Best Regards, Erik Olof Gunnar Andersson
From: Satish Patel <satish.txt@gmail.com>
Sent: Friday, March 20, 2020 9:23 AM
To: Grant Morley <grant@civo.com>
Cc: Erik Olof Gunnar Andersson <eandersson@blizzard.com>; 
openstack-discuss@lists.openstack.org
Subject: Re: Neutron RabbitMQ issues
Oh you are right here, i have following stuff in my neutron.conf on 
server
# Notifications
[oslo_messaging_notifications]
driver = messagingv2
topics = notifications
transport_url =
rabbit://neutron:5be2a043f9a93adbd@172.28.15.192:5671,neutron:5be2a0
43
f9a93adbd@172.28.15.248:5671,neutron:5be2a043f9a93adbd@172.28.15.22:
56
71//neutron?ssl=1
# Messaging
[oslo_messaging_rabbit]
rpc_conn_pool_size = 30
ssl = True
Following change i am going to made let me know if anything missing.
[DEFAULT]
executor_thread_pool_size = 2048   <--- is this correct? i didn't see anywhere "rpc_thread_pool_size"
rpc_response_timeout = 3600
[oslo_messaging_notifications]
topics = notifications
driver = noop
# Messaging
[oslo_messaging_rabbit]
rpc_conn_pool_size = 300
heartbeat_timeout_threshold = 0
ssl = True
Btw you might not necessarily be having RabbitMQ issues.

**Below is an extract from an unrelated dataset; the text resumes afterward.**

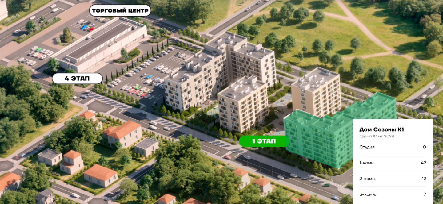 «Сезоны» – это 12 домов переменной этажности, где всё продумано до мелочей. На территории будет построен современный двухэтажный торговый центр, всё необходимое – в шаговой доступности. Первый этап строительства включает четыре дома с секциями на 7, 8 и 9 этажей.

You might also be experiencing something like this.
https://urldefense.com/v3/__https://bugs.launchpad.net/neutron/*bug/
18 
53071__;Kw!!Ci6f514n9QsL8ck!zYBaONMbYxgOLiv4UJY51DLOI4H-qHjCOACdH6in
bj
e694WzyxY-Eqpyl5QtywV6BQ$
Best Regards, Erik Andersson
Should i be adding this to all my compute nodes also ?
On Fri, Mar 20, 2020 at 11:40 AM Grant Morley <grant@civo.com> wrote:
If you tune rabbit then for:
heartbeat_timeout_threshold = 0
That should help with the error message you are getting.
That is a lot of messages queued. We had the same because we were not using ceilometer but had the "notifications" still turned on for it for services.
Are all of the ready messages for "notifications.info" for the 
various services ( Nova, Neutron, Keystone etc )
If that is the case you can disable those messages in your config files for those services. Look for:
# Notifications
[oslo_messaging_notifications]
notification_topics = notifications
driver = noop
Make sure the driver option is set to "noop" by default it will be set too "messagingv2" and then restart the service and that should stop sending messages to the queue. You can then purge the "notifications.info" queue for Nova or Neutron etc..
We only had the "message ready" when we had the setting for ceilometer set but was not using it. Also only purge a queue if it is for that reason. Do not purge the queue if it is for any other reason than that as it can cause issues.
Hope that